Dataset extract:
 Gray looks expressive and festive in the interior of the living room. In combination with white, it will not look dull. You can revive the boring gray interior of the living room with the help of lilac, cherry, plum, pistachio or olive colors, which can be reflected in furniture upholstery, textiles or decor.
---
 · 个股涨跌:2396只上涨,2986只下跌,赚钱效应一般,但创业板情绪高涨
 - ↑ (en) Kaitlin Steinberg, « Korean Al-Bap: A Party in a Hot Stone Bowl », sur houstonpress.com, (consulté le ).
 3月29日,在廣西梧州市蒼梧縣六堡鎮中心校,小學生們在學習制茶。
--
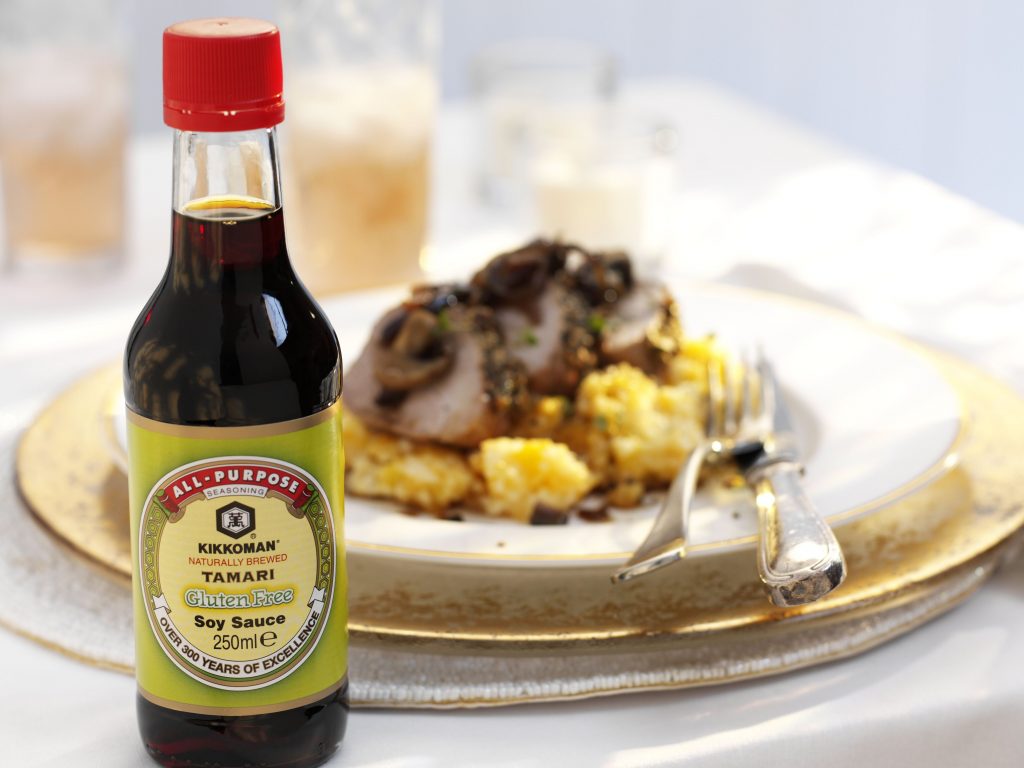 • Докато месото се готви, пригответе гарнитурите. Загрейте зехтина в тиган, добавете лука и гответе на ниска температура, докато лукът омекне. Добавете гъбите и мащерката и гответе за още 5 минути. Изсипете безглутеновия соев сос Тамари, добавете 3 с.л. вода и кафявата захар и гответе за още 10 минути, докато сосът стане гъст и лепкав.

Work instruction:
Out of the entries above, write out only the lines between the line holding "- ↑ (en) Kaitlin" and the line holding "3月29日,在廣西梧州市蒼梧縣六堡鎮中心校,小學生們在學習制茶。", inclusive, each exactly as given.

Answer space:
 - ↑ (en) Kaitlin Steinberg, « Korean Al-Bap: A Party in a Hot Stone Bowl », sur houstonpress.com, (consulté le ).
 3月29日,在廣西梧州市蒼梧縣六堡鎮中心校,小學生們在學習制茶。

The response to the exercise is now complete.